Hij toont een kostprijsvergelijking voor een 3D geprinte heupkom (52 mm doorsnede, Ti6Al4V) tussen een moderne 3D metaalprinter en een machine van de eerste generatie, met een printbed van 250 bij 250 mm en één enkele laser. Met zo’n oude opstelling kom je op een kostprijs van €82 per heupkom. En je hebt 66 machines nodig om op jaarbasis 100.000 cups te produceren. Per machine kom je namelijk bij een OEE van 80% tot een productie van 2288 implantaten per jaar. Met een investering van €850.000 (in 2005) komt hij op een kostprijs van €82.23 per onderdeel, waarvan alleen al de afschrijving op de machine ruim €50 per heupkom is. In zijn nieuwe model rekent Kircher met een AM-systeem met vier lasers en geïntegreerde automatisering. Kostprijs €1,5 miljoen. De betere optieken verhogen de depositierate met 30%. De OEE van zo’n AM-systeem is (mede dankzij de automatisering) 95 procent.
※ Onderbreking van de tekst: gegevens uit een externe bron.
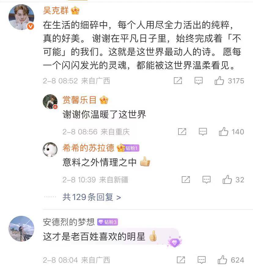 网友们都纷纷留言,谢谢他温暖了这个世界,这才是老百姓喜欢的明星。

Eén systeem 3D print jaarlijks 15.619 implantaten. Dat resulteert in een halvering van de kostprijs per implantaat tot €40.25 (waarvan nog maar €13.72 afschrijving per onderdeel). Nu volstaan 7 van deze systemen om in twee dagen tijd 60 heupkommen te 3D printen. Ryan Kircher: “Als je naar de kosten en de schaalbaarheid van 15 jaar geleden kijkt, was 3D printen niet zinvol. De vooruitgang van de technologie heeft dit veranderd. Het wordt daarom tijd om de businesscase opnieuw te evalueren. Ik denk dat additive manufacturing voor dit type medical devices echt concurreert met conventionele maaktechnieken.”